Posted on 2006-10-13 08:49:04 by vid
Hi
You can use the SwitchToThread API, but again, you will see that the scheduler will not work as it should.

Biterider
Posted on 2006-10-13 08:51:23 by Biterider
vid: look at critical sections... no reason to reimplement the wheel :)
Posted on 2006-10-13 09:07:51 by f0dder
Unfortunately, SwitchToThread seems to ignore multi-processors as far as the calling thread goes -
Note  The yield of execution is limited to the processor of the calling thread. The operating system will not switch execution to another processor, even if that processor is idle or is running a thread of lower priority.
Posted on 2006-10-13 09:11:10 by sinsi
f0dder: true, in case when wheel is implemented with roughly same usages on all OSes you want to code for, and when wheel is implemented with comparable or better speed on all OSes...
Posted on 2006-10-13 09:57:41 by vid

Sorry, but this thread is not about XCHG at all (unless I'm really missing something). It's about splitting a task over two threads with minimal overhead.

So far, spin looping seems like the best solution even though it burns clock cycles while there is no work. Lowering the thread priority and using PAUSE allows other processes to get some exeuction time and prevents the CPU from heating up unnecessarily.

and when you exit you get a big penalty for branch misprediction
Posted on 2006-10-14 03:04:23 by daydreamer
and when you exit you get a big penalty for branch misprediction

Big is relative. Calling kernel functions takes several thousands of clock cycles, while mispredicted branches take 10-20 clock cycles. Besides, it's totally unavoidable as far as I know. The pipelines have to be filled with new instructions either way.
Posted on 2006-10-14 06:50:50 by C0D1F1ED
how often is recommended to synchronize?
may sound stupid, but I am writing a multithreaded testapp and has no specific algo that could rule when data need to be transferred between threads and how much is needed to split between threads
so I want to minimize synch as it can messup cache or reading 128bytes too often will take a hit on performance, on the other hand I want to not minimize when synch happens because it wont represent a realworld application with too seldom synch
I just use a macro that can be used to fill in your own testcode that will be run in both threads and timing will be added to testrun with one thread or two threads
Posted on 2006-10-14 11:40:43 by daydreamer
You might want to look at using IO Completion Ports.
They are designed to be used for high-performance asynchronous file or network IO, but let's be clear, they are a mechanism for queuing 'jobs' for a pool of worker threads, and for dealing with notification of 'job completions', and they can be used for practically anything.
The idea with these is that you don't write a thread loop as such, you write some handlers/callbacks for various operations, and let the operating system deal with thread management.
Not exactly a low-level solution, but certainly worth looking into.
Posted on 2006-10-14 12:33:44 by Homer

You might want to look at using IO Completion Ports.
They are designed to be used for high-performance asynchronous file or network IO, but let's be clear, they are a mechanism for queuing 'jobs' for a pool of worker threads, and for dealing with notification of 'job completions', and they can be used for practically anything.
The idea with these is that you don't write a thread loop as such, you write some handlers/callbacks for various operations, and let the operating system deal with thread management.
Not exactly a low-level solution, but certainly worth looking into.
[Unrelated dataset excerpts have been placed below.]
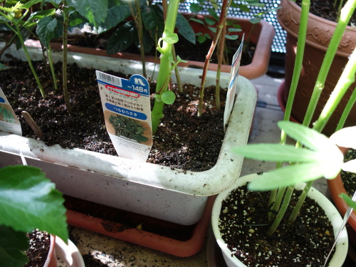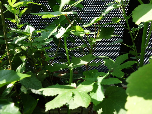 写真のピントが合っていませんが、茎はこれだけしか伸びませんでした。今年の赤オクラの栽培は失敗でした。しかし、このプランターで育てたローゼル2本はかなり繁りました。養分が取られたのかもしれません。あるいは連作障害があったかもしれません。
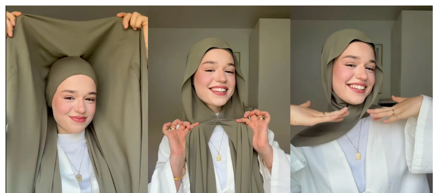 under your chin to secure the hijab — no pins needed.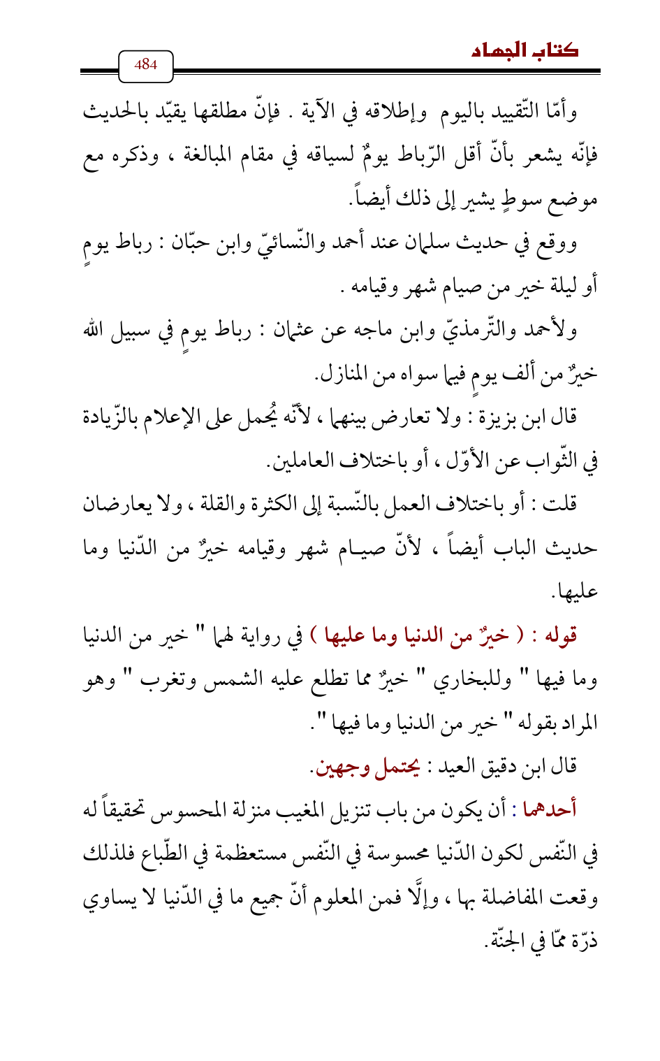 قال ابن دقيق العيد: يحتمل وجهين.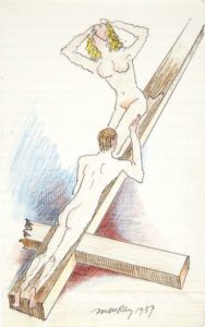 Dessin original à l'encre et aux crayons de couleurs figurant un couple nu sur une croix brisée.

Thanks for the tip! It sounds like it could be better suited for my specific situation.
Posted on 2006-10-14 13:24:42 by C0D1F1ED
Anyone ever used fibers? Are they just threads that you need to schedule yourself, or are they truely more primitive than threads and faster?
Posted on 2006-10-22 10:18:54 by C0D1F1ED

Anyone ever used fibers? Are they just threads that you need to schedule yourself, or are they truely more primitive than threads and faster?
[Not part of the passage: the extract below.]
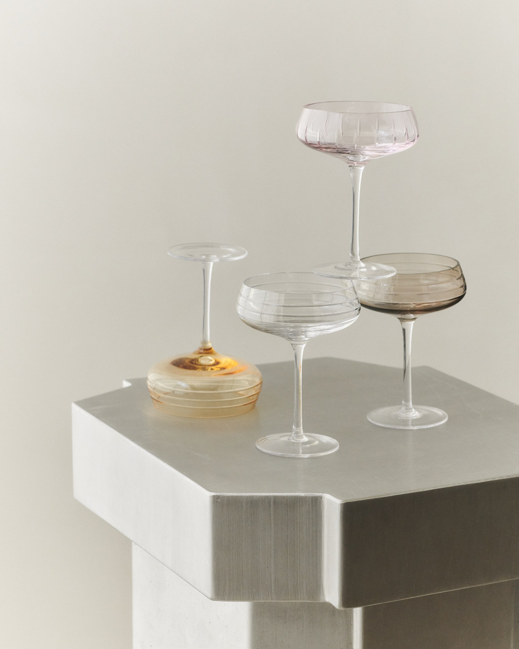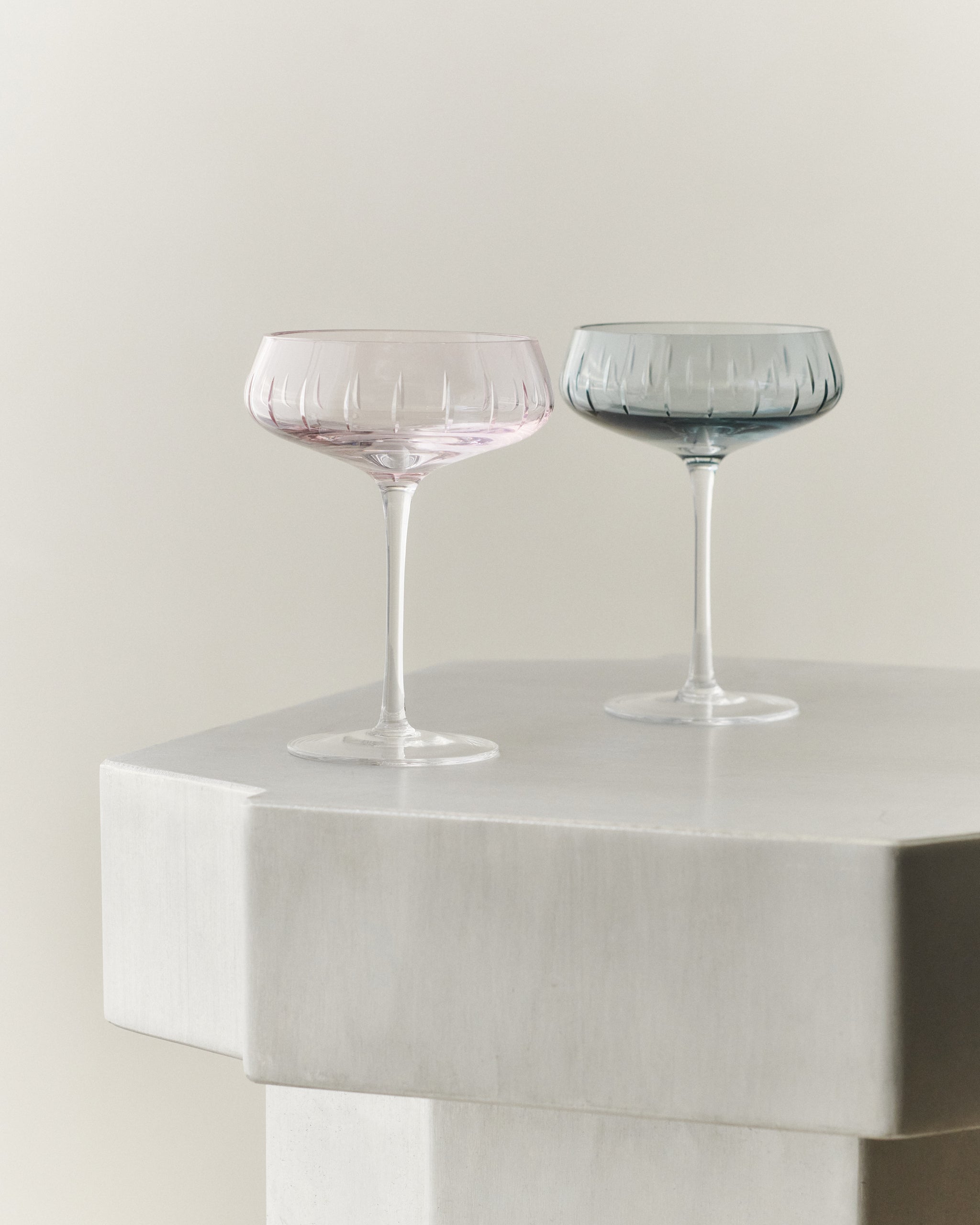 Assuredly a festive composition, our Champagne Coupes elevate any celebratory setting. The entire array is hand-crafted by a glassblower, endowing each glass character and individuality. Minor variances in color and weight intensity merely denote the genuine creation.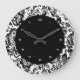 Schwarz-Weiß-Barock-Blume-Muster Große Wanduhr

That is my understanding of fibers - but I've never played with it.
Posted on 2006-10-22 10:26:19 by f0dder
Fibers run on one thread. Their switching is basically:

mov esi,pCurrentFiber
mov edi,pFiberToSwitchTo

xchg .Fiber.esp_ , .Fiber.esp_ ,
xchg .Fiber.ebp_ , .Fiber.ebp_ ,

ret ; goes back to the pFiberSwitchTo's calling function. (different esp,...)

(metaphorically "speaking").
Thus, no way to use the second cpu with fibers.



For 2 concurrent threads to run simultaneously, I recommend using custom FIFO chains of commands, balanced between the threads. I've seen it run almost perfectly with up to 30-50ms difference of execution time. Or at least it appeared so.
The FIFO chain uses a CriticalSection for access (write,pool,read).
Without a dualcore at home, and for other reasons, I haven't toyed with such FIFO chains more than for using them in MIDI-commands handling and similar.
Posted on 2006-10-22 16:38:14 by Ultrano
30-50ms ? sounds much when my messageboxes popup and show max 10ms between threads and I dont know if its the delay in windows messagehandling between 2 sendmessage/message comes thru messageque/wndproc and windows internal messagehandling
Posted on 2006-10-29 04:42:04 by daydreamer
I'v gotta agree on three of those points. The CPU should do scheduling in hardware, multicore processors are on the way and synchronization takes more of my time even when it doesn't take more computing time.
Posted on 2006-11-22 09:04:06 by Jeronimo0d0a
Problem is that "scheduling" is more than just selecting a thread to run. There's different algorithms for different situations, some OS'es do more on a thread switch than others, and there are more situations than just the hardware clock interrupt when a re-schedule is needed...
Posted on 2006-11-22 09:08:29 by f0dder